The couple and their two daughters have lived there 10 years.
“Our neighborhood is just perfect,” she said. “Open, always ready to help, while highly respecting mutual privacy.”
“Eichler communities have stayed intact, upholding traditional values, community spirit and pride in their neighborhoods,” Lombardelli said. “What an incredible passion these people have for their homes. … They band together to preserve the design and architecture of their neighborhoods.”
The cult lives on
Marcia and Dick Campbell have lived on Alexander Way in the same neighborhood as the Leborgnes for 40 years. Their Eichler has the same footprint.
The Campbells purchased it because the open feeling was appealing and reminiscent of Hawaii, where they lived when they were first married.
The downside: “It was a pile of rocks,” Marcia said. “There were 12 trees is the backyard but no grass. The atrium was nothing but rocks.”

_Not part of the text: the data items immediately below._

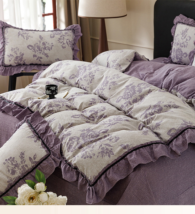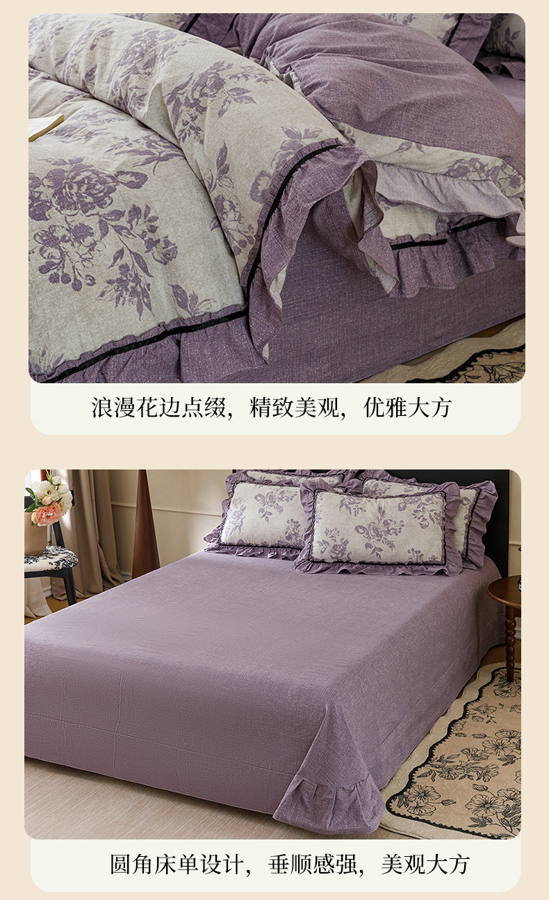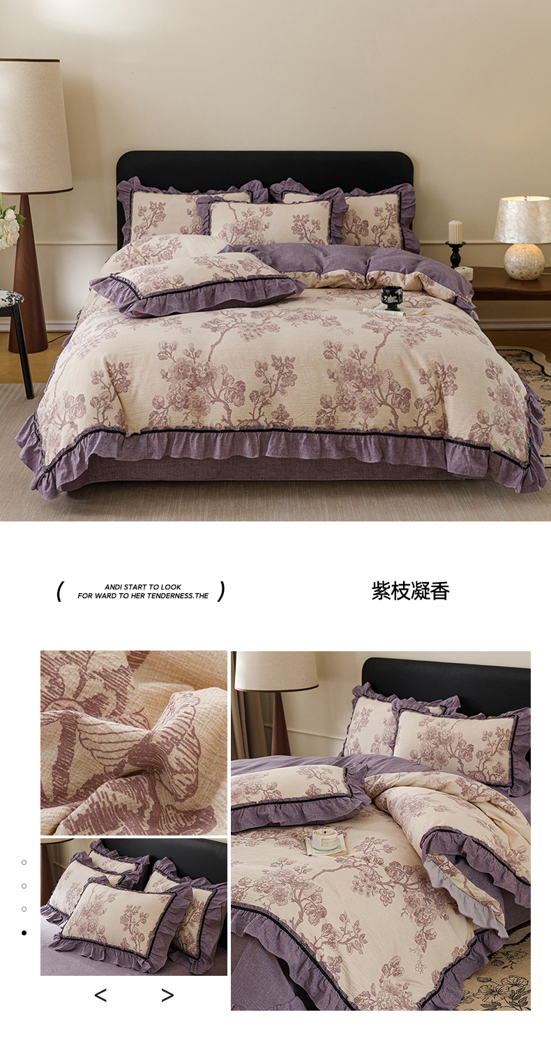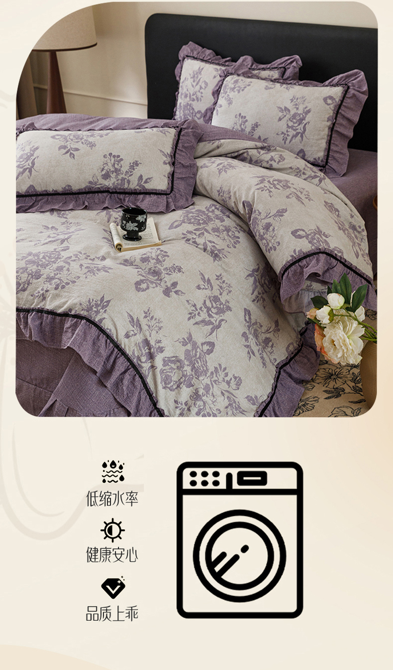 商品名称:悦然毛巾被 2026新款原麻水洗提花四件套 紫萝绮梦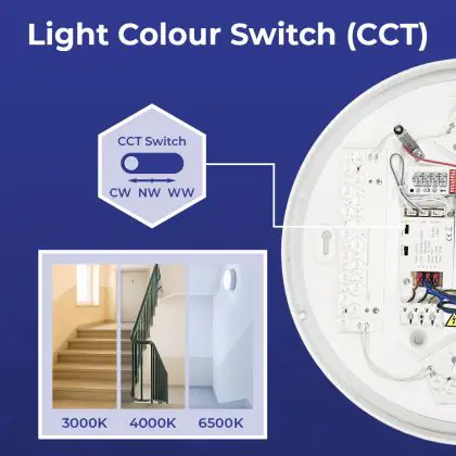 2. CCT: You choose from 2 or 3 fixed colours via a switch, such as warm white or cool white.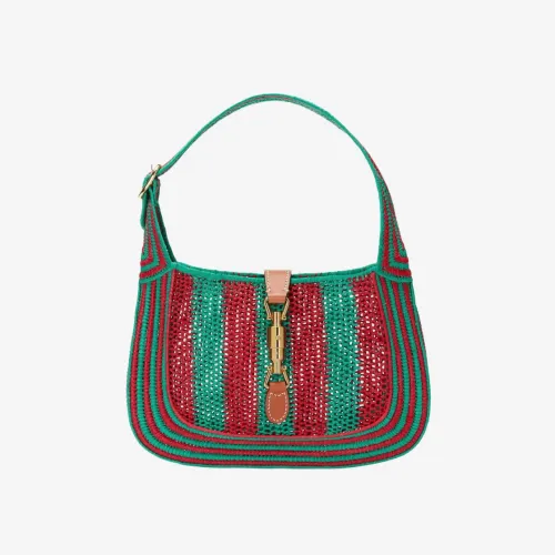 Gucci Jackie 1961 Small Shoulder Bag Green Red Straw Effect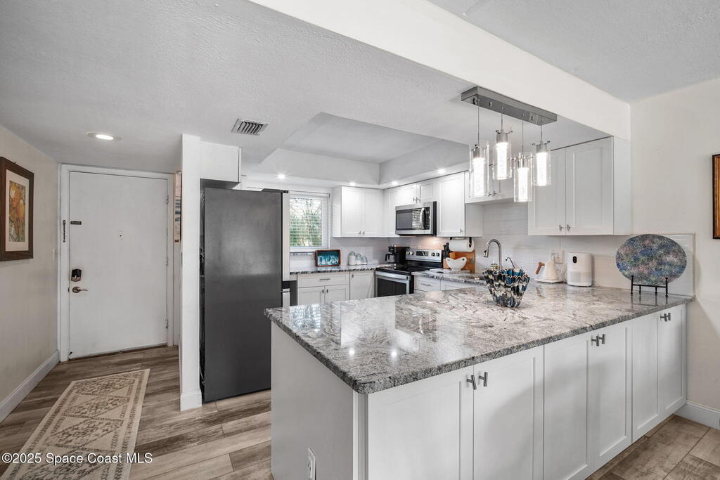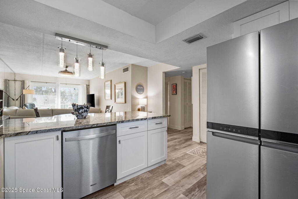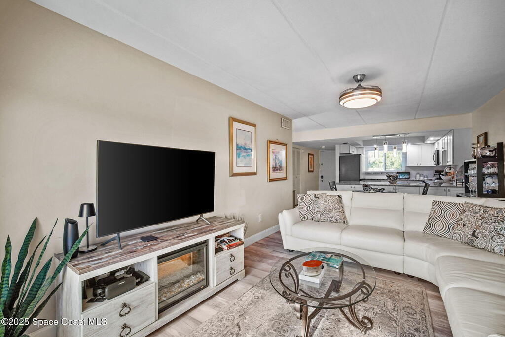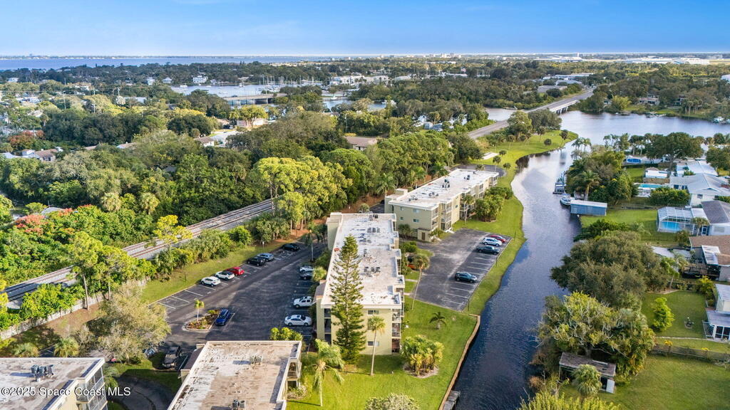 Welcome to 1001 W Eau Gallie Blvd, Unit 229--a bright, move-in-ready home in a canal-facing building steps from the Eau Gallie Arts District (EGAD) and just minutes across the causeway to Canova Beach. Start your day with coffee on the private balcony while boats drift by; stretch out on the property's expansive lawn to the river for sunset; then cool off at the community canal-facing pool. Weekends are effortless: stroll to murals, galleries, cafes, breweries, and markets, or launch a kayak/paddleboard from the community dock with boat access via the canal.Inside, modern comfort meets durability: impact windows (2024) and custom impact sliders, luxury plank flooring throughout, and a smart layout with a barn door that creates a private primary suite, plus in-unit laundry. The remodeled kitchen shines with quartz countertops, an oversized island with storage on both sides, soft-close cabinetry, a deep farmhouse sink, and in-sink water filtration. All major appliances included

Today, the atrium is shaded by an open lattice roof built by architect Dick, a master woodworker who also built the buffet in the dining room. The atrium is lush with plantings – orchids in one corner, hydrangeas, succulents, ferns, two lime trees and a Japanese maple. Four big maples – two red and two green – frame the backyard, which is visible from the atrium.
This see-through aspect of Eichler homes is among the features that disciples praise. As Maryanne Deierlein of Palo Alto says in Lombardelli’s documentary, “I feel like I’m living in a 7,000-square-foot house because the whole backyard is part of the house.”
“If you gave me a castle, I wouldn’t take it,” Leborgne said.
“Either you love an Eichler or you don’t. There’s no middle ground,” Marcia said.
“This cult phenomenon blows my mind,” said Eichler’s son Ned, who was his father’s marketing director.